On Mon, Feb 28, 2011 at 10:23 AM, Ron Wheeler
<> wrote:
> Our move to aggregation jars was our solution of this problem.
> We wanted central control over versions without a lot places to manage
> version numbers.
> For each application release, we decide what third versions of third party
> libraries will be used.
> If any of the libraries need changing we create the updated versions.
> We used to create new versions of all of the libraries but we stopped since
> it was a lot of work for nothing.
> The cost is that version 1.11.2 of the application depends on 1.9.1 of the
> CXF webservice libraries.
> We maintain a simple spreadsheet of components so that everyone knows what
> they are supposed call on as versions of the 5 or so dependencies that gives
> them their 60+ libraries required to build our application.

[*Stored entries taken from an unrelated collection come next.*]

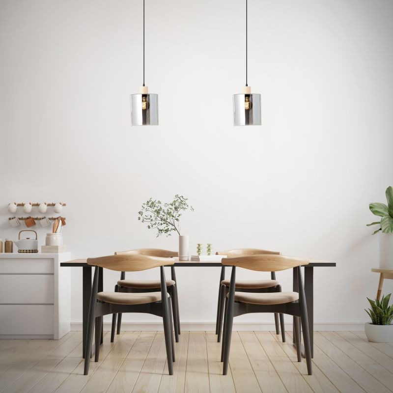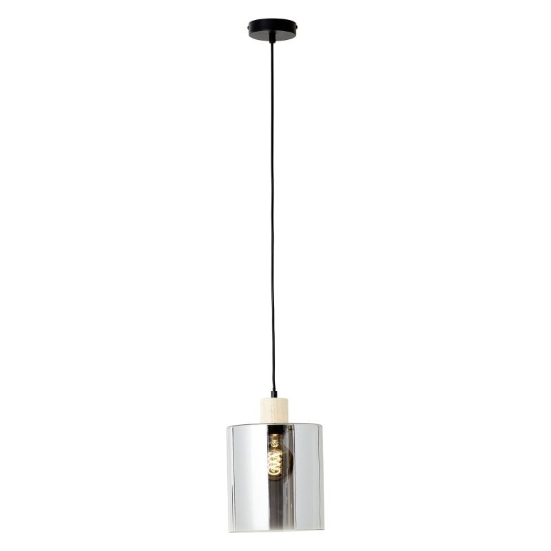 Een hanglamp met een moderne look uit de collectie van het merk Brilliant. De lamp is gemaakt van metaal, glas en hout en heeft een zwarte kleur met een rookglas en hout accent. De lamp wordt geleverd exclusief lichtbron met E27 fitting en geschikt voor max. 1x 40W. Deze lamp kan goed geplaatst worden in de eetkamer boven een eettafel of in de woonkamer. Het hout element geeft een natuurlijk-puristische en warme uitstraling aan het interieur. De combinatie van metaal en hout geeft een mooie modern-landelijke stijl wat goed staat in vele soorten interieur.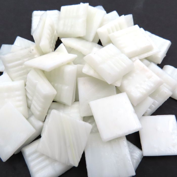 Superior quality vitreous glass mosaic from the same factory as Bisazza. 196 tiles, paper mounted on a sheet of 30×30 cm; each tile is 20mm² and 4mm thick. 11 sheets = 1m² . Each sheet weighs approx. 700g. High-temperature vitreous glass. UVA- and frost-resistant. Suitable for pools, spas, bathrooms, walls, and floors. Marbled effect acheieved by mixing molten glass in multiple colours. Some transparency may occur within individual tiles. Smooth, slightly striated finish on the surface.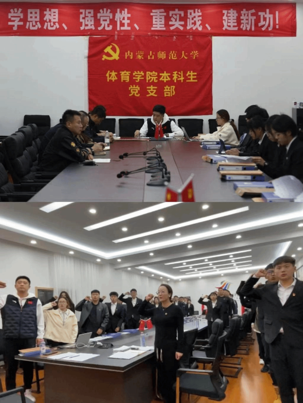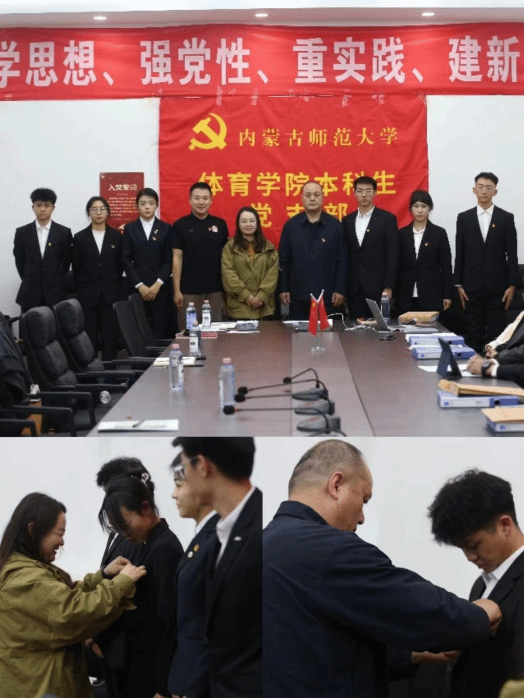 为进一步加强党员队伍建设,凝聚新力量,焕发新活力,10月23日,华体会网页版本科生党支部根据《中国共产党章程》《中国共产党发展党员工作细则》等有关规定召开吸收预备党员大会。学校及学院党委高度重视学生党员的发展工作,学院党委副书记、副院长敖永胜、学院党委组织员石永兴、内蒙古师范大学党委组织部组织科副科长苏丹参加会议。会议由体育学院本科生党支部书记刘晨曦主持。

> We generally do not make or use SNAPSHOTs for these libraries so that
> simplifies the process.
> I hope that this helps.
> Ron
> On 28/02/2011 11:49 AM, Phillip Hellewell wrote:
>> I'm thinking about moving all our version management into the parent
>> pom in a dependencyManagement section, but I'm trying to figure out if
>> it will really make things easier or not.
>> Of course each version number would only be in one place instead of N
>> places, where N is the avg # of reverse dependencies.  So that is
>> good.  But when changing the version # of a component, you still have
>> to update N places, to update them to the latest parent.  That is,
>> unless you are using a snapshot for the parent, but is that a
>> normal/recommended practice?
>> The problem I see with using a snapshot for the parent is it doesn't
>> allow you to make changes in a safe way.  I could update the version #
>> of a lower component, and then a much higher component could build
>> against that before all the middle components are built/deployed.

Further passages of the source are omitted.